Development of acute kidney injury translates to a 22-fold higher post-operative mortality rate if the patients have a pre-operative glomerular filtration rate of less than 60 mm/minute. In coronary artery bypass graft surgery the risk of acute kidney injury is as high as 24%.
"High-dose vasodilator therapy has been attempted to correct the constriction that is inherent in acute kidney injury but its use has been controversial and somewhat disappointing," Tumlin said. Systemic treatment has not allowed for adequate medication to reach the kidney. We hypothesized that intra-renal delivery of fenoldopam would reduce hypotension and secondary renal hypoperfusion. Augmenting renal blood flow may reduce progression to dialysis-dependent acute kidney injury."
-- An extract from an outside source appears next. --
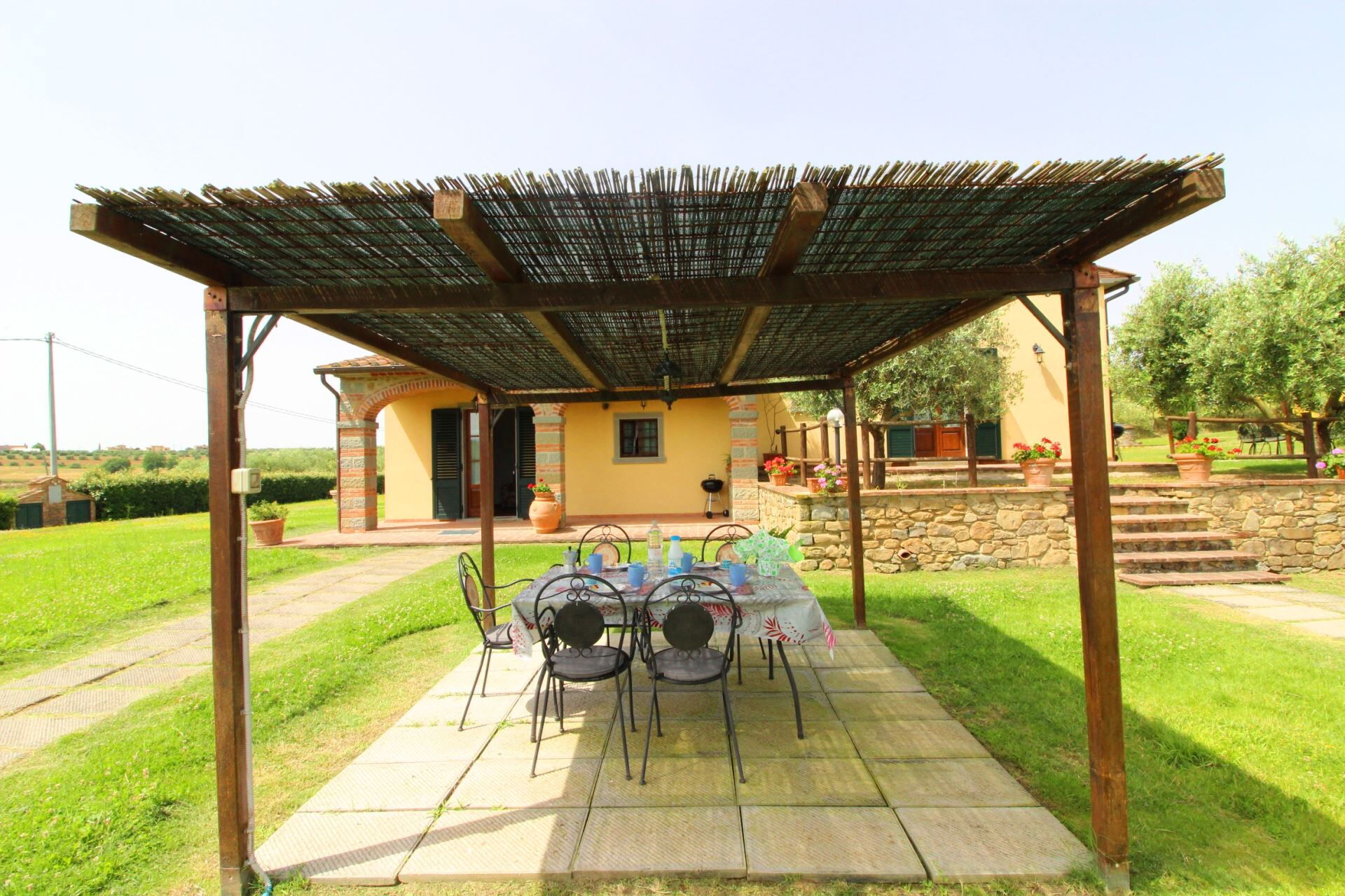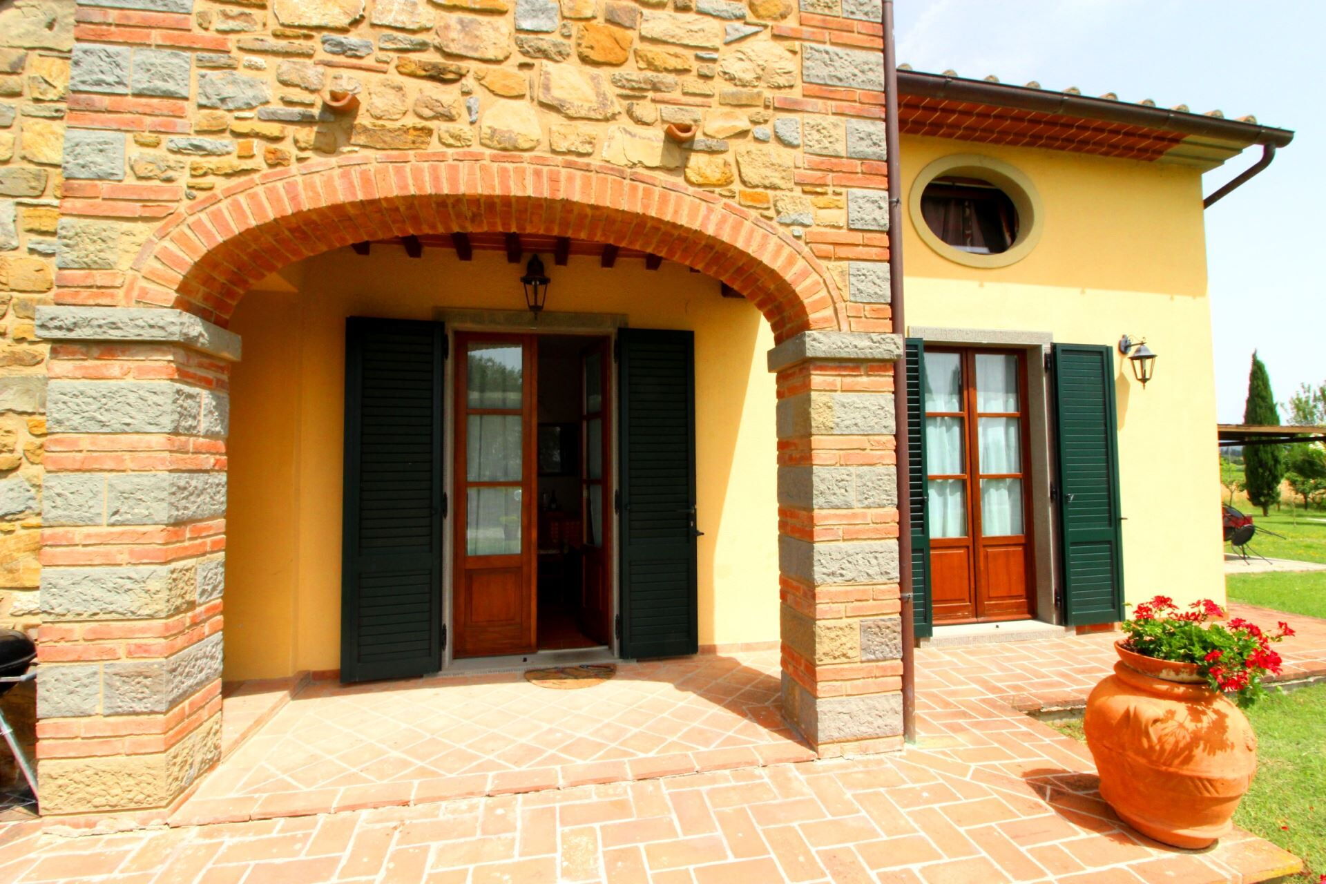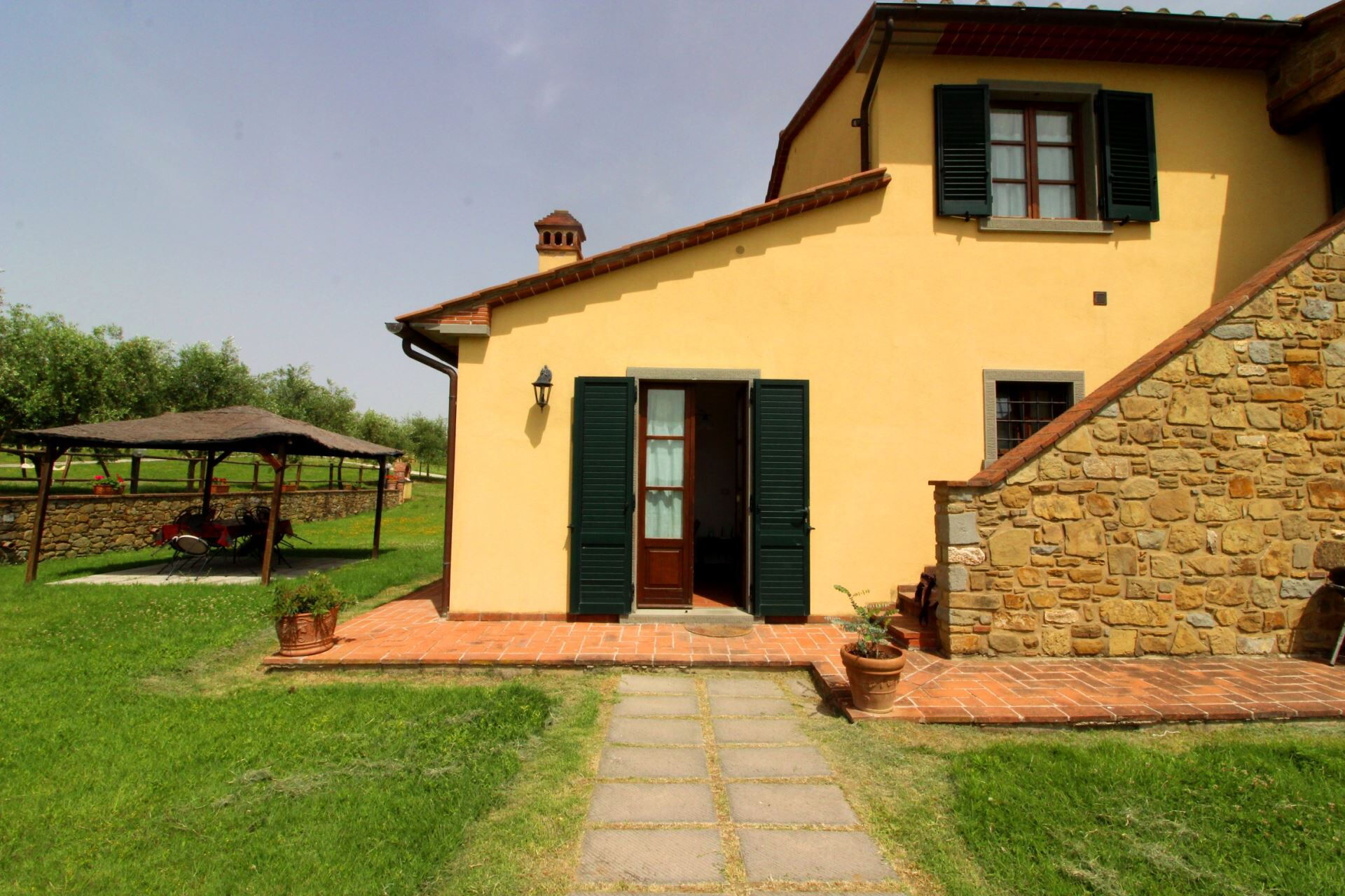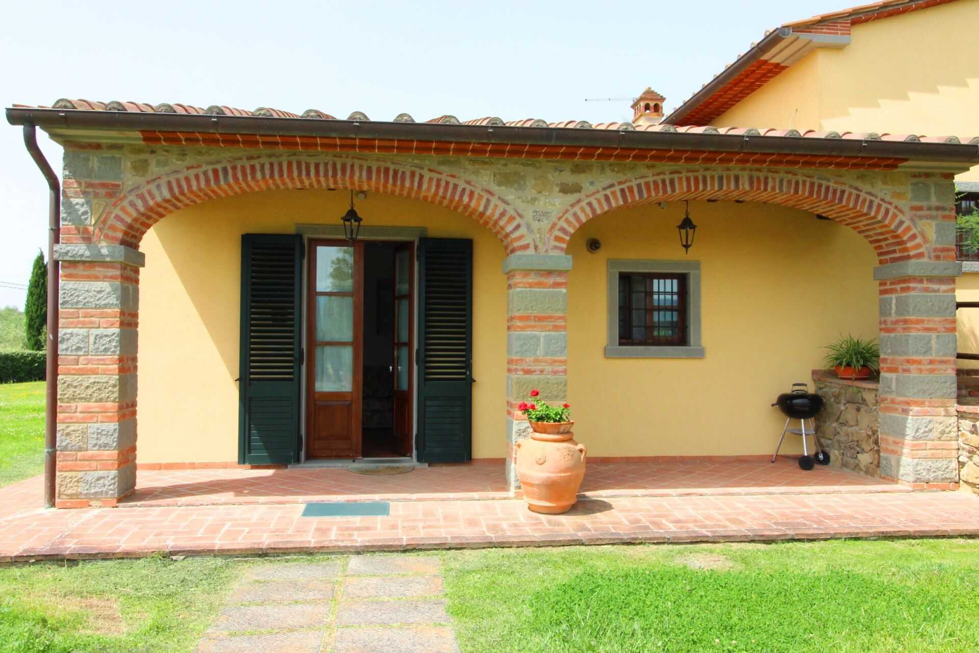 Ground floor apartment with entrance through private porch composed of living-dining room with kitchen corner, bathroom with shower, two double bedrooms one of which with French window overlooking the garden. Gazebo furnished with table and chairs to eat outside.

He said roadblocks to vasodilator therapy in acute kidney injury include lack of bedside access to reliable biomarkers for early identification of acute kidney injury; lack of the ability to deliver isolated vasodilator therapy to the renal circulation; the need to avoid systemic hypotension and the lack of infrastructure for the timely placement of a catheter.
Tumlin said that the use of the FlowMedica Benephit Intra-Renal Drug Delivery System could be placed by interventional radiologists, cardiologists and possibly even hospital intensives. He explained that the system is introduced into the aorta similarly to cardiac procedures. When the catheter passes above the junction of the kidney arteries, the "ears" of the Benephit system and deploys. As the catheter is pulled back, the ears float into the renal arteries.
"It is a very simple, easy to perform maneuver," Tumlin said. "We think it can be performed at bedside and cause less problems for already critically ill patients who will be spared a trip to the radiology department or the catheter laboratory."
The Benephit Infusion Systems are FDA-cleared and are indicated for the "infusion of physician-specified agents in the peripheral vasculature including, but not limited to, the renal arteries."
FlowMedica was purchased by AngioDynamics (Queensbury, New York) earlier this month.